Supplied data:

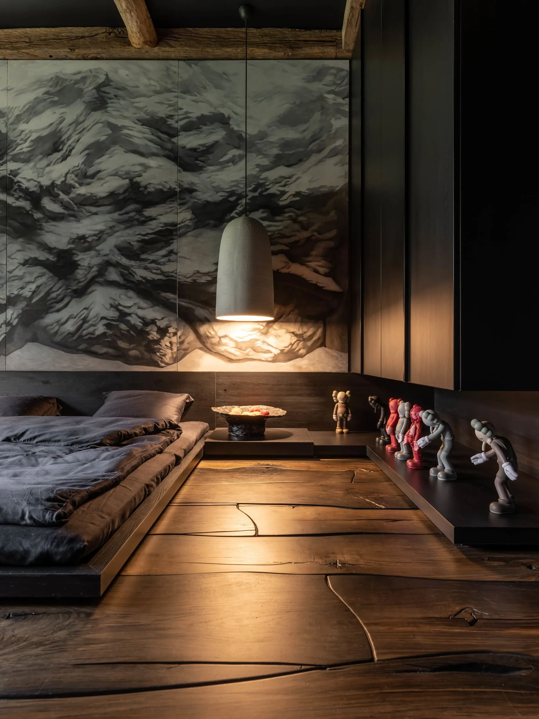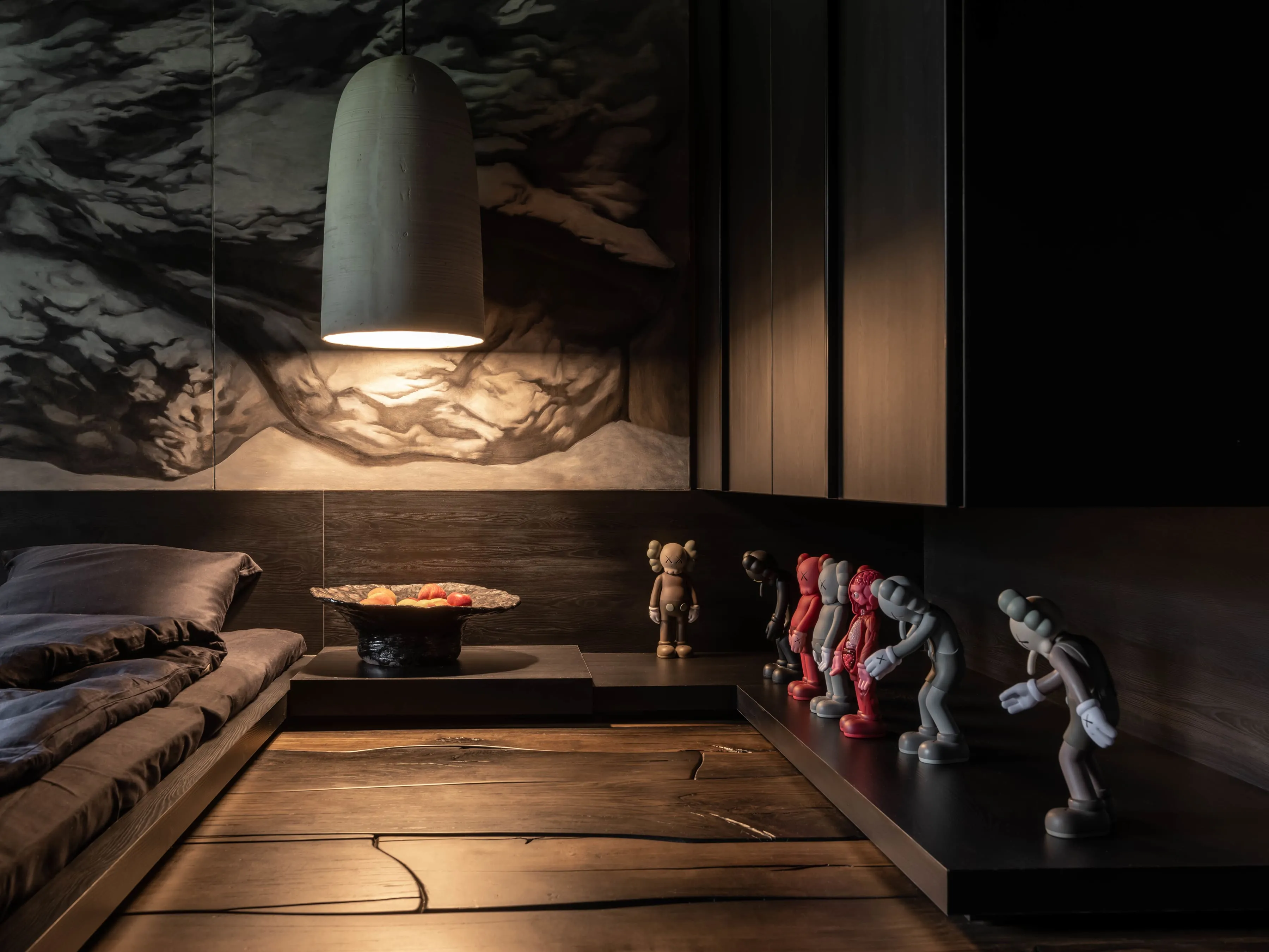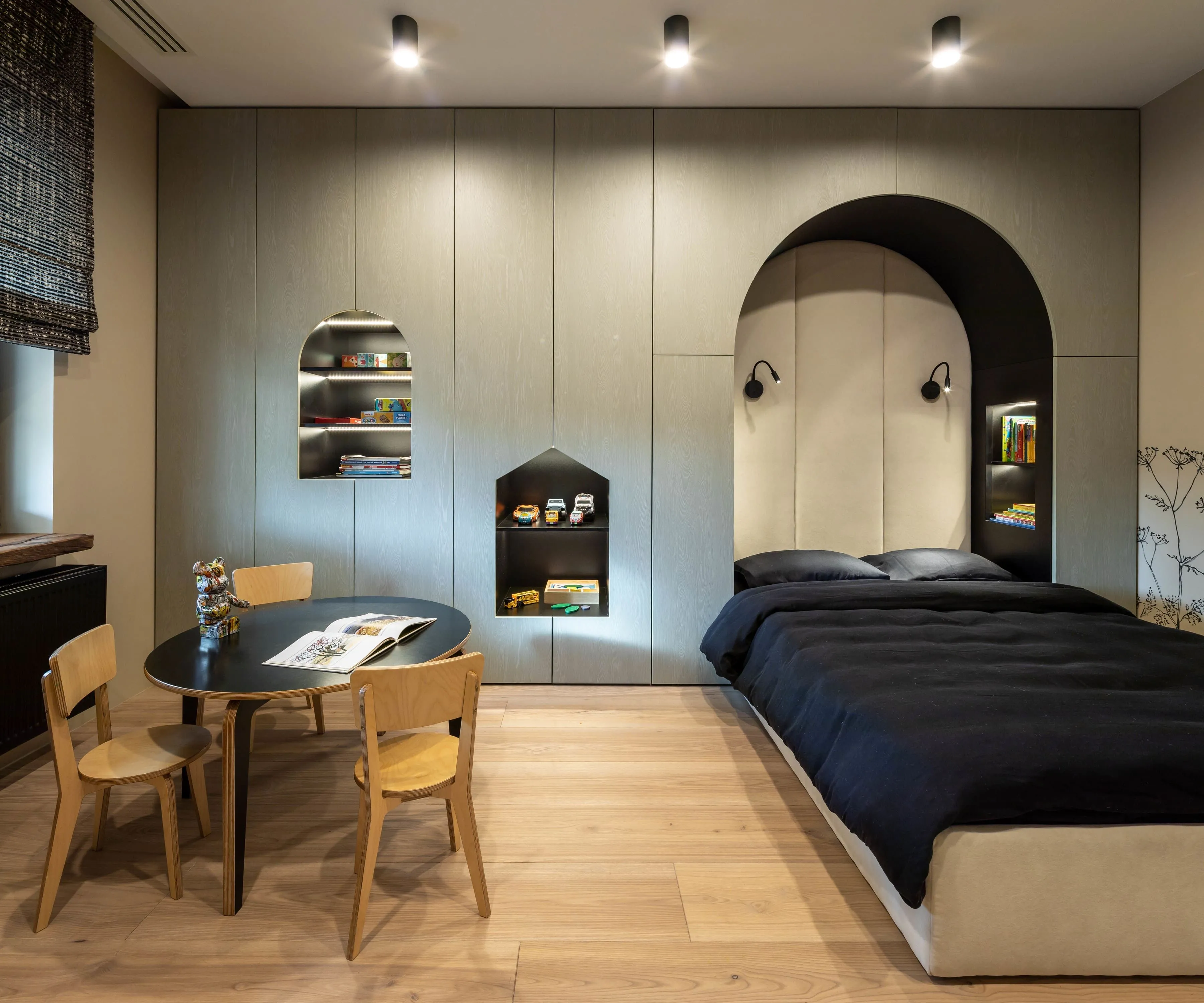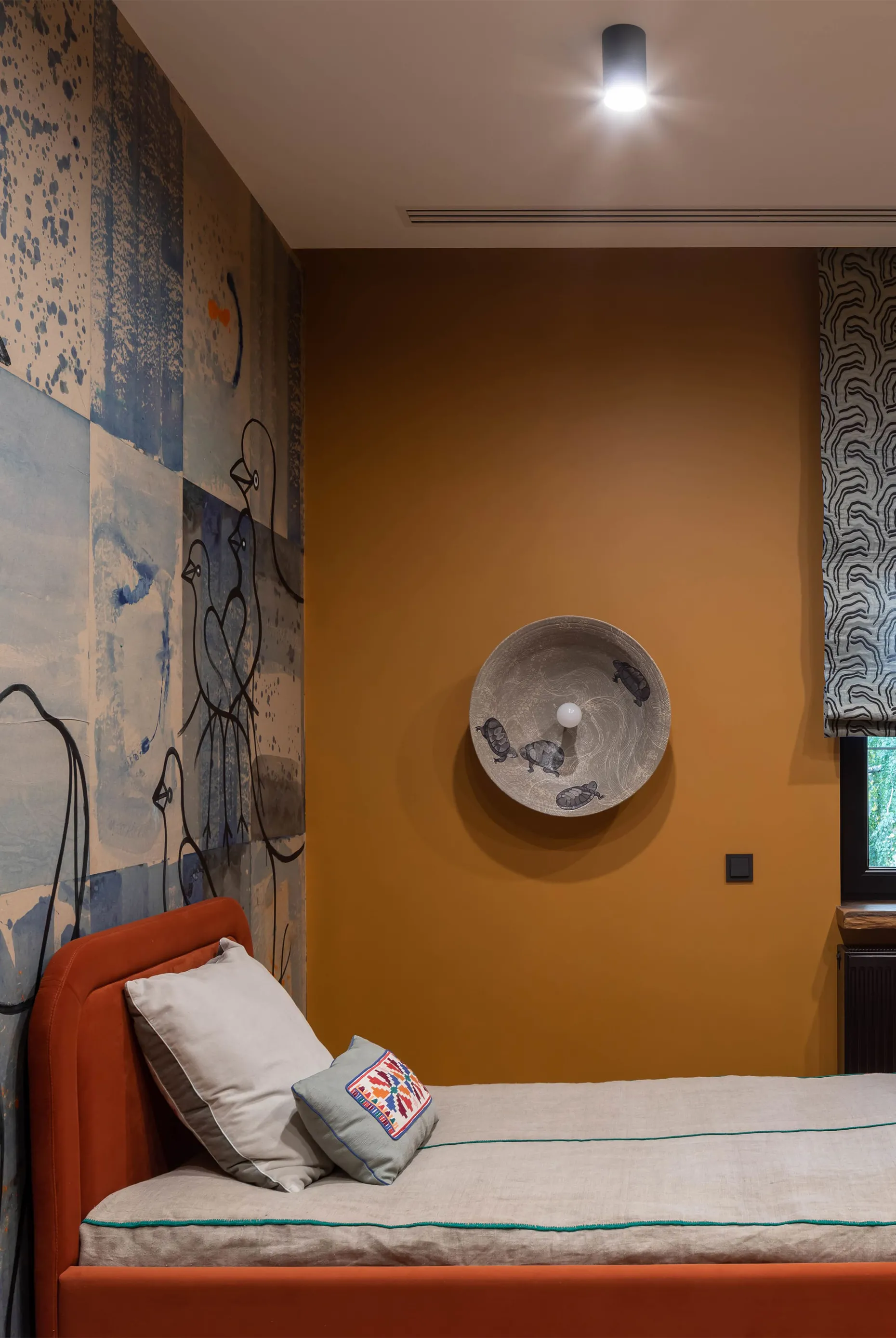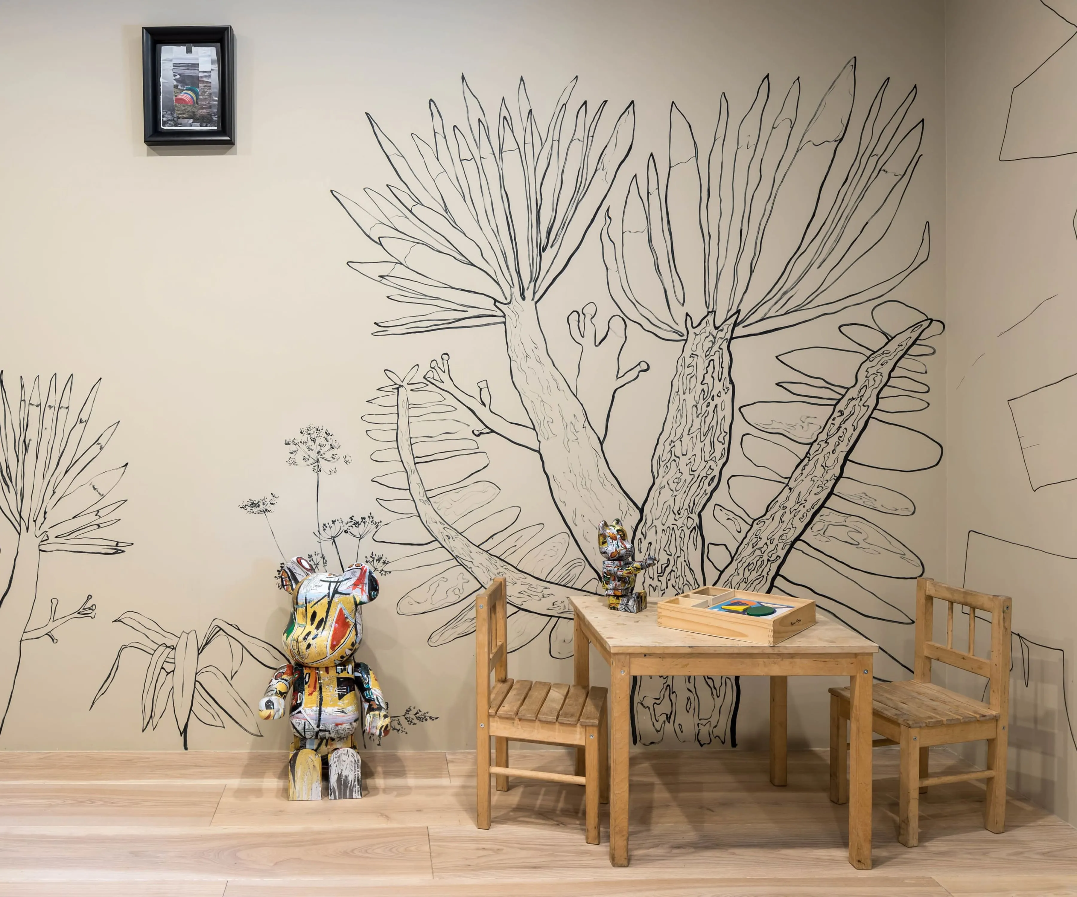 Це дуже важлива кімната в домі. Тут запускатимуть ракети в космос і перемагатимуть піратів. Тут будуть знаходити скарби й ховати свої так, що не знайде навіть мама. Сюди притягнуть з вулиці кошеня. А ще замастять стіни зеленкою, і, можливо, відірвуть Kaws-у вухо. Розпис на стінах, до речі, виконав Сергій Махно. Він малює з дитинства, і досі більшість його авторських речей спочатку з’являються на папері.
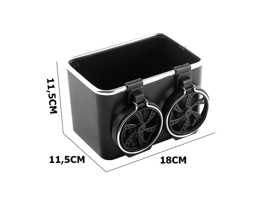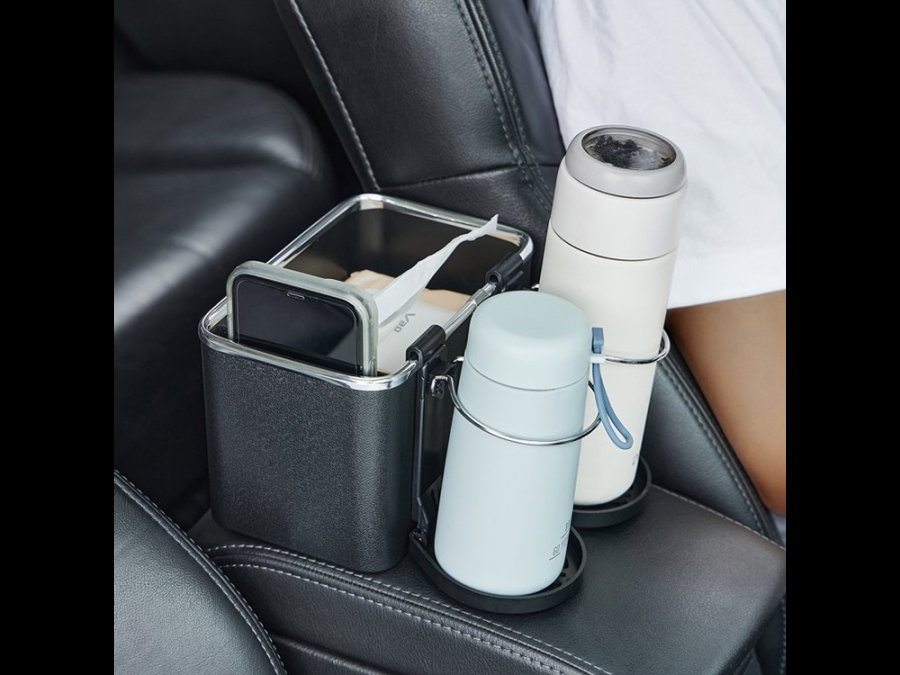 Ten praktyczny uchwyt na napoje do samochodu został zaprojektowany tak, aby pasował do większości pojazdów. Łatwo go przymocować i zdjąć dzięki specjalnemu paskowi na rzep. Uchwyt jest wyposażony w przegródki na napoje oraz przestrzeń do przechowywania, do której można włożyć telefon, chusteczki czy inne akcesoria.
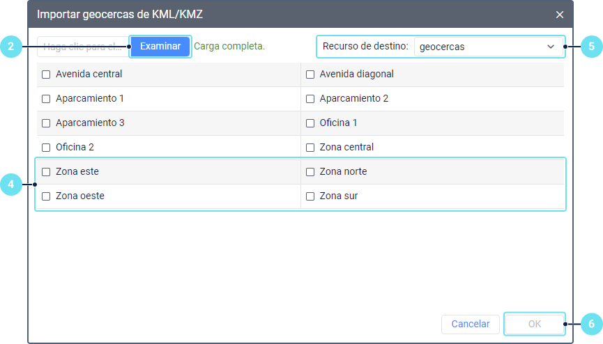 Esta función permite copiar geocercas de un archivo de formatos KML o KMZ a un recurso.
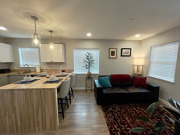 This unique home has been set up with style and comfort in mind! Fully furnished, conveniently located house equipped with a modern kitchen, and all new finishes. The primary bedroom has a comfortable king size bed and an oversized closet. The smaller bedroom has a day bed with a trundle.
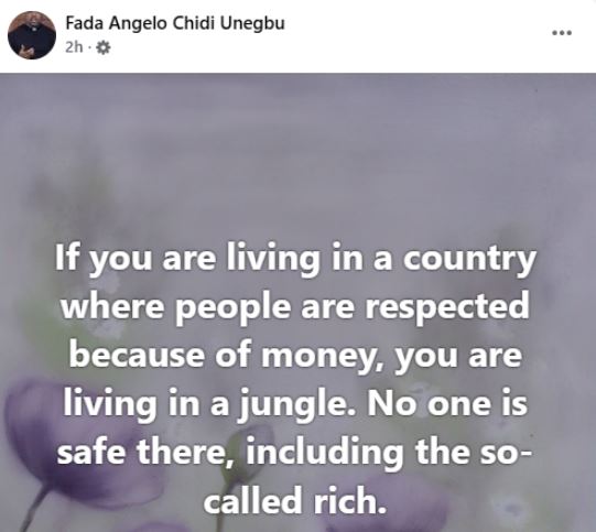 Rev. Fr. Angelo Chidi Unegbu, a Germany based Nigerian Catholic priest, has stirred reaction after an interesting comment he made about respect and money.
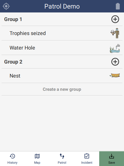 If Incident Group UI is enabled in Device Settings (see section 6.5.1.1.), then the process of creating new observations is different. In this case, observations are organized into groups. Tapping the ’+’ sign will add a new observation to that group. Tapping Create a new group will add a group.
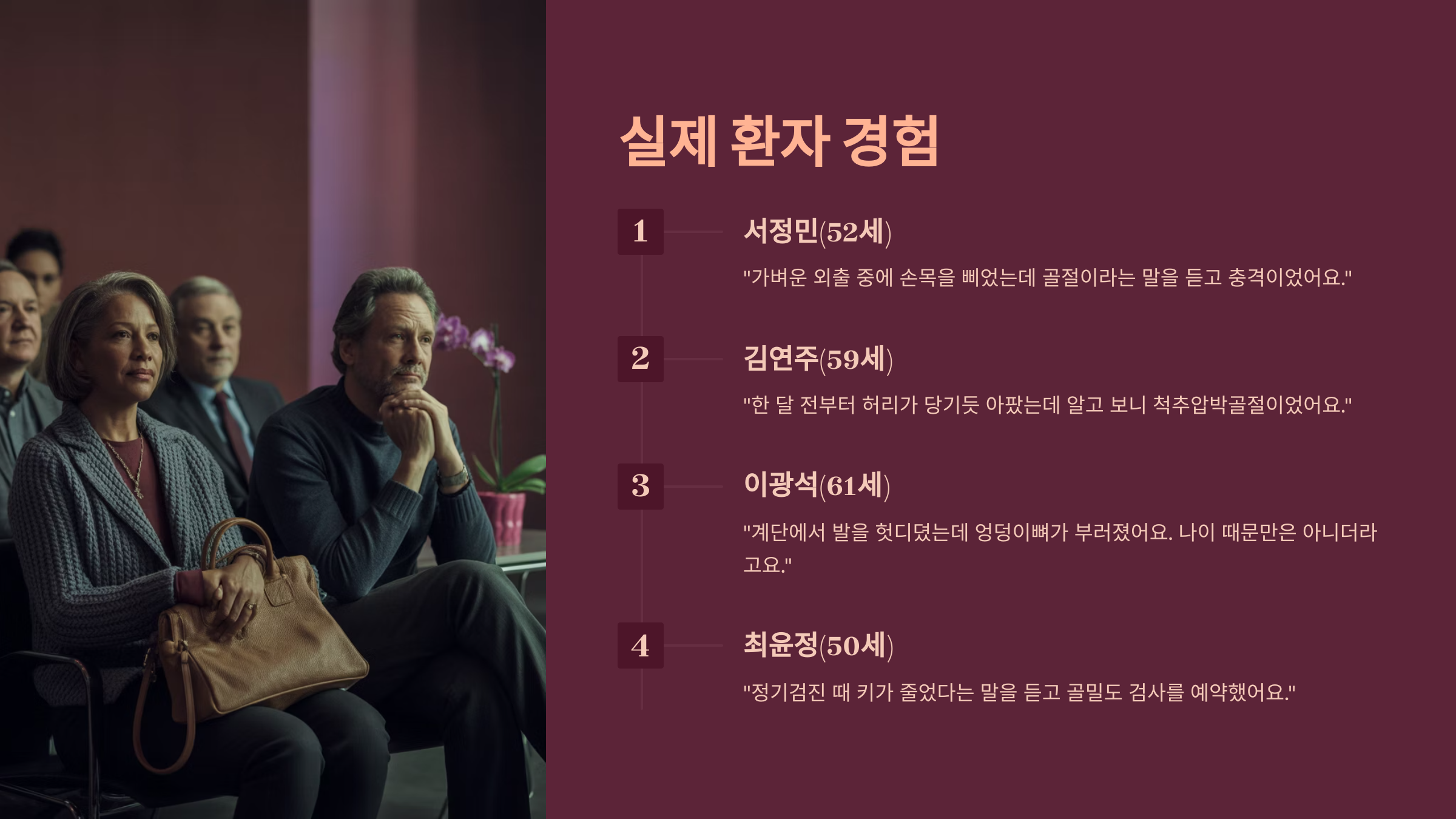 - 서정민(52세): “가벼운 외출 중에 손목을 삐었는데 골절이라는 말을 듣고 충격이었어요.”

Your assignment: Retype the listing above exactly, pictures excluded.

Exercise solution:
 Це дуже важлива кімната в домі. Тут запускатимуть ракети в космос і перемагатимуть піратів. Тут будуть знаходити скарби й ховати свої так, що не знайде навіть мама. Сюди притягнуть з вулиці кошеня. А ще замастять стіни зеленкою, і, можливо, відірвуть Kaws-у вухо. Розпис на стінах, до речі, виконав Сергій Махно. Він малює з дитинства, і досі більшість його авторських речей спочатку з’являються на папері.
 Ten praktyczny uchwyt na napoje do samochodu został zaprojektowany tak, aby pasował do większości pojazdów. Łatwo go przymocować i zdjąć dzięki specjalnemu paskowi na rzep. Uchwyt jest wyposażony w przegródki na napoje oraz przestrzeń do przechowywania, do której można włożyć telefon, chusteczki czy inne akcesoria.
 Esta función permite copiar geocercas de un archivo de formatos KML o KMZ a un recurso.
 This unique home has been set up with style and comfort in mind! Fully furnished, conveniently located house equipped with a modern kitchen, and all new finishes. The primary bedroom has a comfortable king size bed and an oversized closet. The smaller bedroom has a day bed with a trundle.
 Rev. Fr. Angelo Chidi Unegbu, a Germany based Nigerian Catholic priest, has stirred reaction after an interesting comment he made about respect and money.
 If Incident Group UI is enabled in Device Settings (see section 6.5.1.1.), then the process of creating new observations is different. In this case, observations are organized into groups. Tapping the ’+’ sign will add a new observation to that group. Tapping Create a new group will add a group.
 - 서정민(52세): “가벼운 외출 중에 손목을 삐었는데 골절이라는 말을 듣고 충격이었어요.”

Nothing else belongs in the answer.